Figure 15: Selecting Variables in the Current File
Similarly, select all variables for merge file (File 2) and click OK (see Figure 16).
Figure 16: Selecting Variables in Merge File
Click OK in Merge Options, as shown in Figure 17.
Figure 17: Merging with Mode as Match Variables
The two spreadsheets get merged by matching variable names, as shown in Figure 18.
Figure 18: Resulting Spreadsheet from Merging by Matching Variable Names
When merging spreadsheets by matching variable names, the data values are sorted numerically and textually. As an example, merge two spreadsheets with the 1st spreadsheet, shown in Figure 19.
Figure 19: First Spreadsheet to Merge
The 2nd spreadsheet is shown in Figure 20. A modification added is that the variable name has been modified slightly in File 1: “ServerType” instead of “servername”, “MessageCode” instead of “code”, and “Message” instead of “msg”.
Figure 20: Second Spreadsheet to Merge
Click Select to select the variables to be used for matching.
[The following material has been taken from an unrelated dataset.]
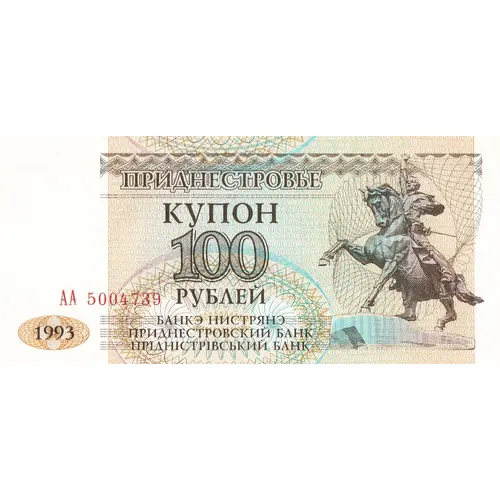 | Надписи лицевой стороны | ПРИДНЕСТРОВЬЕ КУПОН 100 РУБЛЕЙ БАНКЭ НИСТРЯНЭ ПРИДНЕСТРОВСКИЙ БАНК ПРІДНІСТРІВСЬКИЙ БАНК (Translation: Transnistria, Coupon, 100 Rubles, Bank of Transnistria) |

In File 1, select all the variables (see Figure 21).
Figure 21: Selecting Matching Variables for Current File
In File 2, also select all the variables, as shown in Figure 22.
Figure 22: Selecting Matching Variables for Merge file
Merge the two spreadsheets as before. The “servername” or “ServerType” is the same for all rows and does not contribute to the sorting of data in the resulting spreadsheet. The “code” or “MessageCode” column data values are sorted as Text case insensitive; BEA-000331 is sorted before BEA-000360, which is sorted before BEA-000365. For the same value for code BEA-000365, the “msg” or “Message” column data is sorted by Text also—ADMIN->RESUMING->STANDBY>STARTING—as shown in Figure 23.
Figure 23: Resulting Spreadsheet
Certain conditions must be applied when selecting variables. At least one variable must be selected for matching, or the error shown in Figure 24 gets generated.
Figure 24: A minimum of 1 Variable must be selected
The number of variables selected must be the same in File 1 and File 2, or the error shown in Figure 25 gets generated.
Figure 25: Same Number of Variables must be selected in Spreadsheets to Merge
The data type of the variables selected must be the same for the variables selected. As an example, the “servername” and “ServerType” variables in File 1 and File 2 respectively must have the same data type, or the error shown in Figure 26 gets generated.
Figure 26: Variable Types must be the same when merging by matching Variables
Conclusion
In this tutorial, we discussed merging data files (also called spreadsheets) in Statistica Platform using modes: Match casenames and Match variables.